Collected data entries
+++

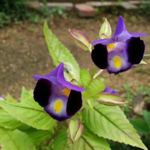 フェンス前のトレニアさん♪ 風でゆらゆら🍃 頭を揺らしてます🎹
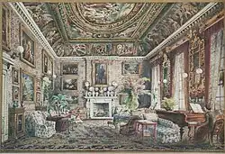 The house was a great meeting place for figures of the Scottish Enlightenment, who came to view its collection of paintings, including a noted ceiling painting of Ossian's Hall and four scenes from the life of Saint Margaret by Alexander Runciman.[6][7]
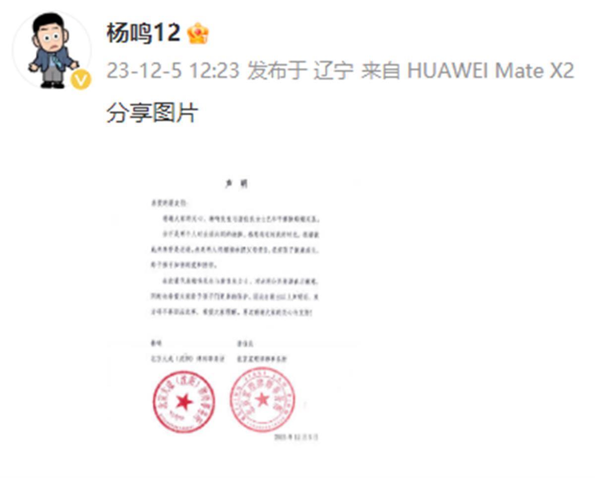 12月5日12时23分,有最帅教练之称的前篮球运动员杨鸣,在个人社交平台上正式宣布离婚。早于他一分钟,他的妻子唐佳良也在个人官方平台上发布了一模一样的离婚声明。
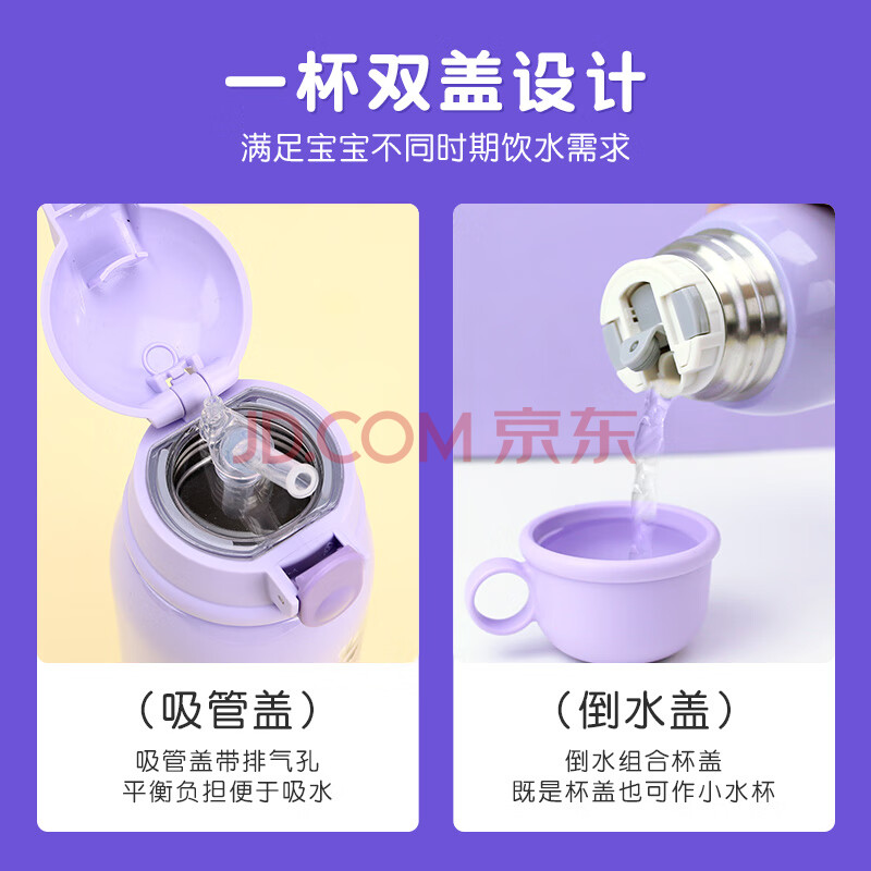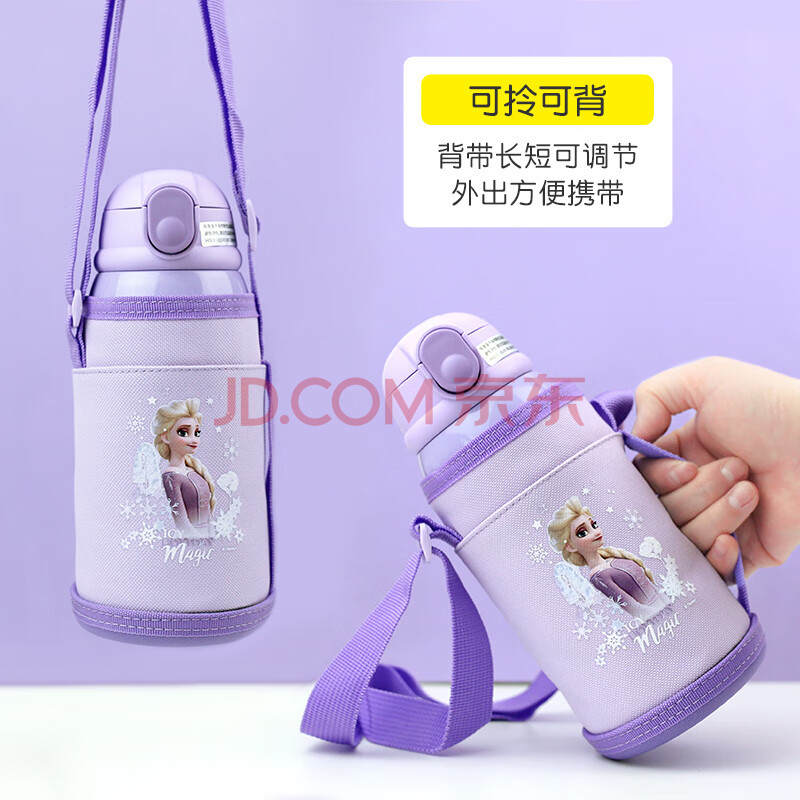 商品相册:迪士尼儿童保温杯双盖不锈钢水杯中小学生户外喝水杯带杯套600ML公主第
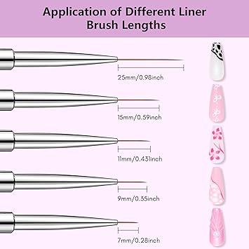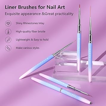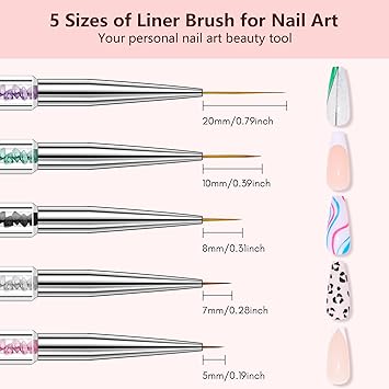 - SOFT AND THIN NAIL LINER BRUSH: These nail art liner brushes are specially for nail art diy detail design, painting like drawing lines, flowers, french nails, ripples, geometric figures, and other nail patterns with painting gel polish, or doing ombre nails with colored gel nail polish, or 3D nail art with builder nail gel.
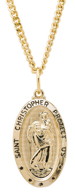 14k Gold Filled St. Christopher Oval Pendant with 20" Yellow Tone Stainless Chain
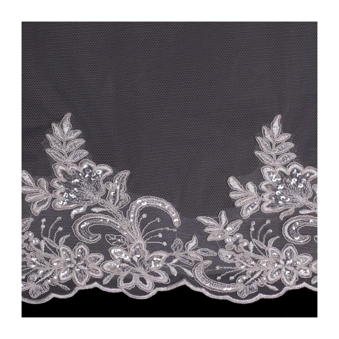 Cathedral cut bride veil made in tulle Silky with delicate auction floral lace dotted with transparent sequin, which brings a subtle and elegant brilliance to the bridal set.

+++

**Task goal**
Reprint every record exactly and skip the pictures.

**Output**
 フェンス前のトレニアさん♪ 風でゆらゆら🍃 頭を揺らしてます🎹
 The house was a great meeting place for figures of the Scottish Enlightenment, who came to view its collection of paintings, including a noted ceiling painting of Ossian's Hall and four scenes from the life of Saint Margaret by Alexander Runciman.[6][7]
 12月5日12时23分,有最帅教练之称的前篮球运动员杨鸣,在个人社交平台上正式宣布离婚。早于他一分钟,他的妻子唐佳良也在个人官方平台上发布了一模一样的离婚声明。
 商品相册:迪士尼儿童保温杯双盖不锈钢水杯中小学生户外喝水杯带杯套600ML公主第
 - SOFT AND THIN NAIL LINER BRUSH: These nail art liner brushes are specially for nail art diy detail design, painting like drawing lines, flowers, french nails, ripples, geometric figures, and other nail patterns with painting gel polish, or doing ombre nails with colored gel nail polish, or 3D nail art with builder nail gel.
 14k Gold Filled St. Christopher Oval Pendant with 20" Yellow Tone Stainless Chain
 Cathedral cut bride veil made in tulle Silky with delicate auction floral lace dotted with transparent sequin, which brings a subtle and elegant brilliance to the bridal set.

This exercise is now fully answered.